The researchers then designed an array with capture probes specific to an mRNA called GAPDH. They found that the device selectively bound to target strands present in total RNA, which also contains other RNA molecules, even at extremely low concentrations. The strength of the detected signal increased in proportion to the GAPDH concentration. The researchers also observed a current when they covered the top electrodes with GAPDH-specific capture probes, indicating that a few target strands, which are longer than the nanogap, could reach the opposite electrode.
The sensitivity and detection limit of the array increased with the length of the genes and surpassed the performance of the best direct mRNA expression profiling methods. The team also demonstrated that the device readily distinguished mismatched mRNA sequences—proof of its specificity—and achieved the same level of performance as quantitative PCR methods for the analysis of real-life samples, particularly for normal and breast cancer tissues.

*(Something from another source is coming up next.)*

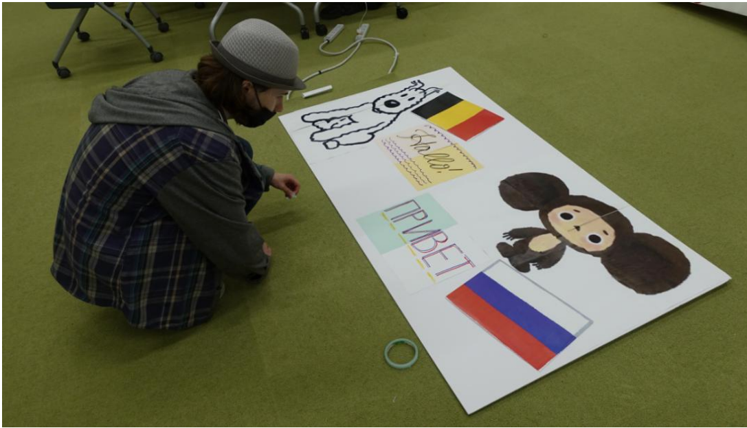
第八回：パネルの掲示、全体の振り返り

"The vertical nanogap structure and two-step–two-probe hybridization eliminate much of the background noise," says Gao. "The metallization of DNA generates an excellent signal."
The ultrahigh signal-to-noise ratio and minimal sample preparation requirements enhance the potential adaptability of this array to miniaturized analytical platforms. The team is currently optimizing the sensor and developing new prototypes for commercialization.